To investigate the hydrodynamic performance of the floating platform VolturnUS-S as configured for the 1st Floating Offshore Wind Turbine (FOWT) Comparative Study, we have used a Smoothed Particle Hydrodynamics (SPH) based solver that features a coupling to the cable dynamic solver MoorDyn+ to reproduce the proposed benchmarks. This is a quite novel application of the method to simulate semi-submersible platforms for offshore wind energy. For this benchmark, which does not include aerodynamic actions, we have proposed a new procedure, leveraging offline coupling techniques to model the problem in a sub-domain of the reference wave basin. Our approach is detailed and validated for wave propagation only, and thus applied to reproduce the wave-platform interaction for an extreme focused wave condition. Good results are obtained for the wave generation and validation using open boundary conditions as well as for the platform motion under the extreme event.
The 1st Floating Offshore Wind Turbine (FOWT) Comparative Study proposes a framework for evaluating strengths and weaknesses of numerical approaches in dealing with the hydrostatic and hydrodynamic response of semi-submersible platforms for wind energy harvesting. For this investigation, the VolturnUS-S floating platform (Allen et al., 2020), which ideally hosts a IEA-15-240-RWT wind turbine (Gaertner et al., 2020) serves as a reference test configuration. Several test cases are available in the reference material (Ransley et al., 2023).
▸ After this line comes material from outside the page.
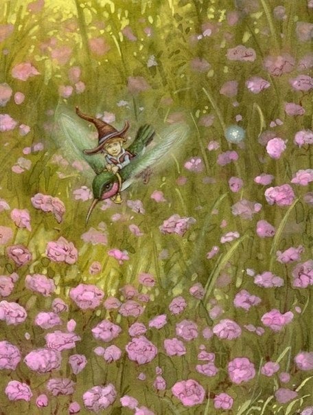 Гном на птичке над лугом./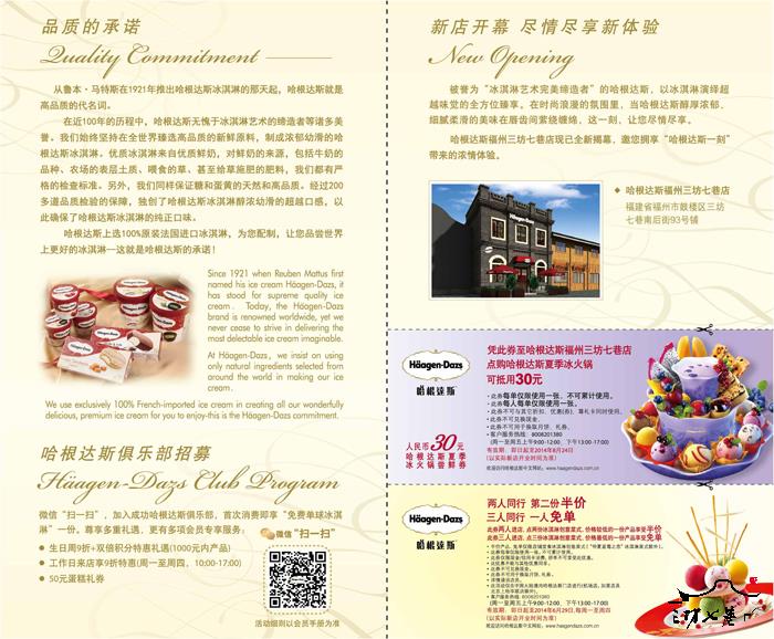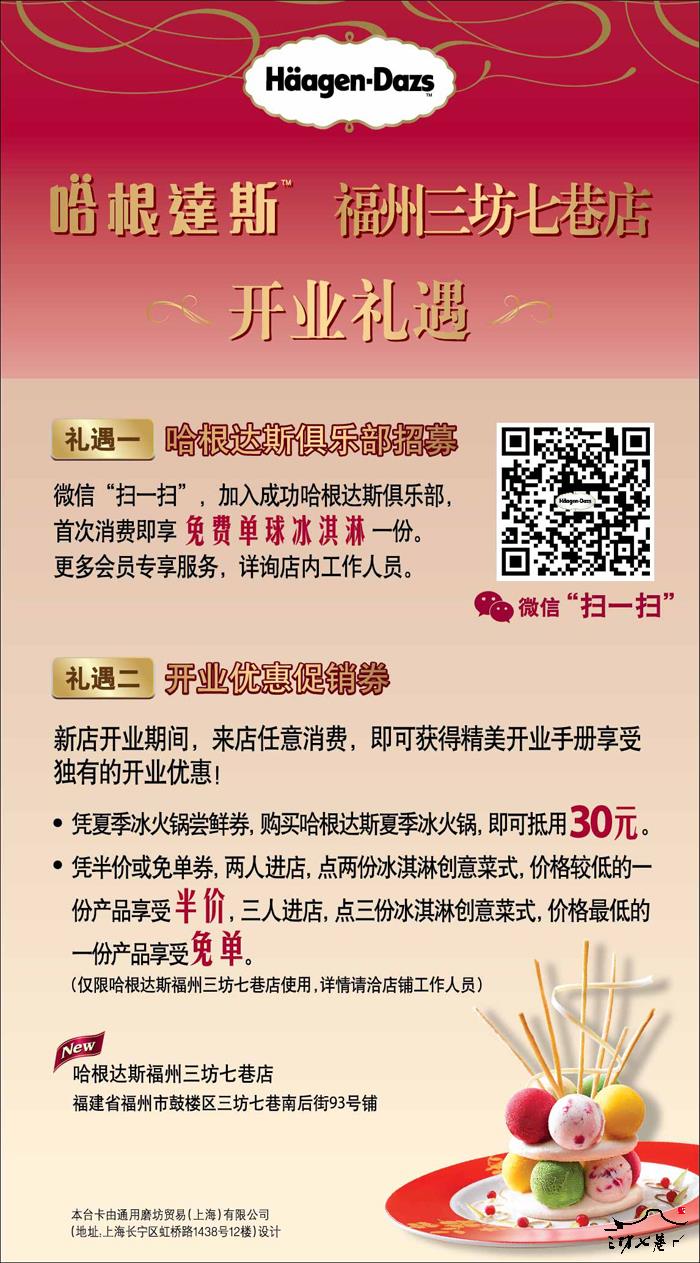 哈根达斯福州第4家店三坊七巷店将于6月12日优雅揭幕。在这个盛夏时节,带上心爱的她,一起品味哈根达斯带给您的这份甜蜜与冰爽!6月12日起至6月29日,每周一至周四期间,双人行一人半价及三人行一人免单等开业活动,为您的炎炎夏日带来更多冰霜与清凉。 更多新店优惠活动请与店内咨询。 (地址:福州市鼓楼区三坊七巷南后街93号铺)

The participants are required to submit the output data for the model they want to benchmark.
Developed by researchers from the National Renewable Energy Laboratory (NREL), FAST (Fatigue, Aerodynamics, Structures and Turbulence) (Jonkman, 2007) is certainly one of the most used open-source codes for marine structures. FAST and similar pieces of software, however, solve the hydrodynamics with potential-flow solvers, which generally cannot properly capture viscous effects and wave breaking. Anyhow, most of their limitations can be worked around by including fictitious treatments for the viscosity and other effects. Tran et al. (2014) compared the prediction of FAST and a computational fluid dynamics (CFD)-based solver, and revealed that potential-flow based models consistently overestimate the motion of the investigated platforms (see also, Nematbakhsh et al., 2015; Oguz et al., 2018; Zhou et al., 2019). Similar comprehensive research is presented in Liu et al. (2017), where another CFD investigation was performed on the DeepCWind semi-submersible floating wind turbine within a realistic-like environment. Other researchers have proposed the use of combined design strategies (see, e.,g., for similar applications Rij et al., 2019; Maet al., 2019) in which CFD models can play a pivotal role.